The Crutch and the Injured

​The Crutch and the Injured

There is something about the crutch and the injured. 

When a man sustains a leg injury, he his treated accordingly and sometimes given a crutch to assist him in walking for the meantime. He needs the crutch for that period because he can’t place full weight on the fractured leg. If he does, he is likely to do more damage to it. The crutch therefore serves as a walking aid for him pending the time he can gain full use of legs. Once, the leg heals up and is declared fit to be used without support by the medical expert, the crutch outlives its usefulness and is discarded by the user. Just like that! No thanks for the service rendered or thought of the value it added. 

Such is the thankless service a crutch renders. The analogy of the injured and his crutch is instructive and metaphorical. The crutch and the injured are in a kind of relationship, no matter how short-lived. 

One can liken the relationship between the crutch and the injured to a form of friendship that exists between two parties in the real world. 

Apart from the crutch-needing friend (who is our focus), we have the friend for all season who is always there come rain come shine. The fair-weather friend is only available when things are smooth sailing with you. Some friends are merely special interest friend – they are your friends because you have a common interest in something. The toxic friend only pretends to be of help to you but is actually out for your downfall. There are those who you can call the good-time friends – they are only there for stress relief. You may equally have the spiteful kind of friend who is always secretly resentful of your progress and considers you a threat. 

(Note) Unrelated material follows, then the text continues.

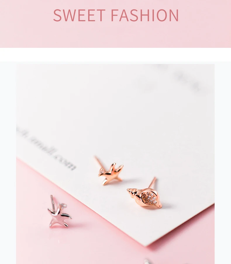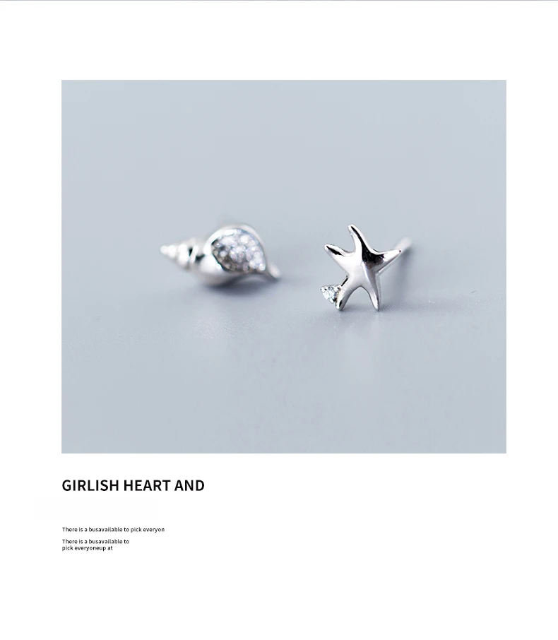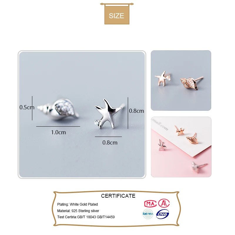 TrustDavis Genuine 925 Sterling Silver Asymmetric Conch Starfish CZ Stud Earrings For Fashion Woman Party Fine Jewelry DA1219
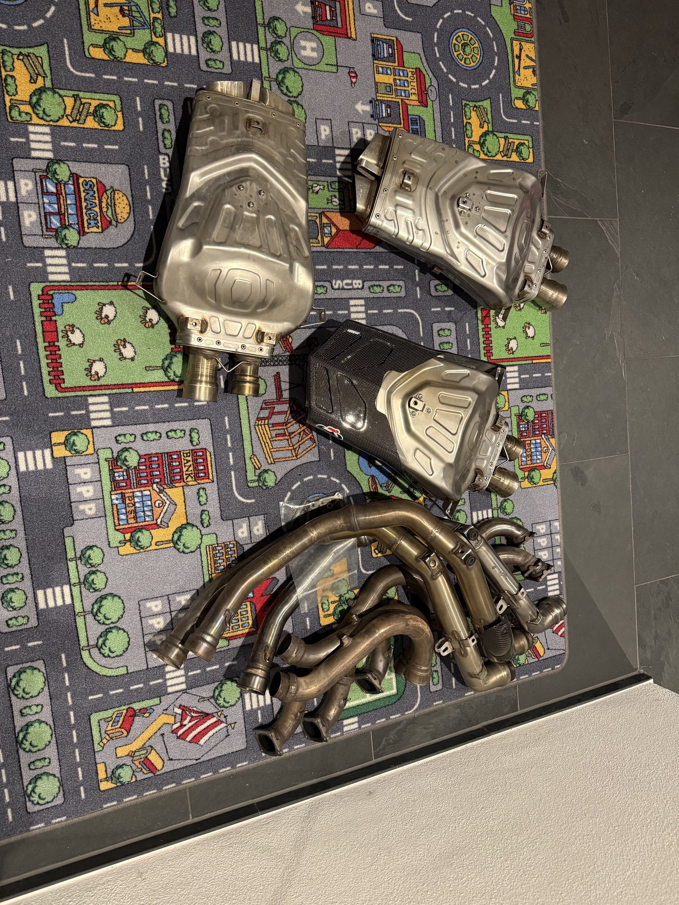 Aktueller Stand. Vier Termignoni Raceanlagen sind besorgt. Eine wird original bleiben. Zwei kommen erstmal ins Regal als Reserve. Bei der vierten wird gerade der Endschalldämpfer aufgeflext mit dem Vorhaben die rund-ovalen Absorber mit dünnem Blech Stück für Stück zu überdecken und zu testen. Die Krümmerrohre lasse ich sauber thermoisolieren. Ich teste dann durch: Krümmerrohre isoliert, nicht isoliert, Endschalldämpfer bearbeitet, unbearbeitet usw.

Having taking a look at a number of shades of friends there is, we shall return to our crutch-and-the-injured kind of friendship and examine its dynamic. At the end of this epistle, you should be able to know if you are into one and discern if you still wish to continue with it. You see, the crutch is who I consider as the victim of a relationship/friendship while the injured is the winner takes all. One who in Nigerian pidgin, is referred to as the chop-clean-mouth individual. He breezes in, feeds on its (his) prey and disappears into thin air. 

Let’s separate the wheat from the chaff: 

The injured is

a circumstantial appendage – he only attaches himself to the other party in the friendship when the need arises. He is the type of friend that will only call or visit you when there is something he wants from you.

a parasite – always taking from you without giving anything in return

an hypocrite – whenever he available, he will always pretend to be concerned about how you’ve been faring. But don’t let his show of effusion fool you… With/for him, there is always a catch. 

an opportunist – he takes advantage of your availability, generosity, and service to advance his own condition

situational – he suddenly becomes overtly friendly when an event that may be of personal benefit to him presents itself                   

The crutch is however 

readily available – always looking for a way to help even at his inconvenience 

dispensable – done away with once the reason for its need is accomplished

always at the receiving end – ever seen what the tail end of a wooden crutch looks like after its period of service elapses?

often gullible – easily deceived and used

A friendship relationship is essentially designed to be symbiotic – the parties involved adding value to each other. Also, while the need to seek help from the other party is a giving in friendship, it should not be a basis on which the friendship exists. The crutch-needing friend (the injured) is all for self-aggrandisement. His purpose for establishing a friendship relationship with the other party is solely for what such a one can do for him. He is a shameless individual who has no sense of propriety. Friendship with such a fellow is a race without rewards.         

When you have so-called drop-by friends who only check on you when they need a favour, who are ‘Oliver Twists’ – never putting anything on the table but always ‘asking for more’, whose displays of effusion are always for the catch, here is a free advice for you: Weed them out of your life cos they can be up to no good!    
Image Credit:WikiHow




2 thoughts on “The Crutch and the Injured

  1. Great post 👌🏿. This your correlations oo. Wisdom indeed. I don’t like leeches. I like genuine people but leeches surely teach us a lot. We can learn from the crutch and the injured valuable lessons.

    Liked by 1 person

    1. Smiles. I’m just trying to be like you (in my own little way). God be praised for the wisdom.
      You are absolutely correct. There is something to learn from this lot. I’m the write up made sense to you.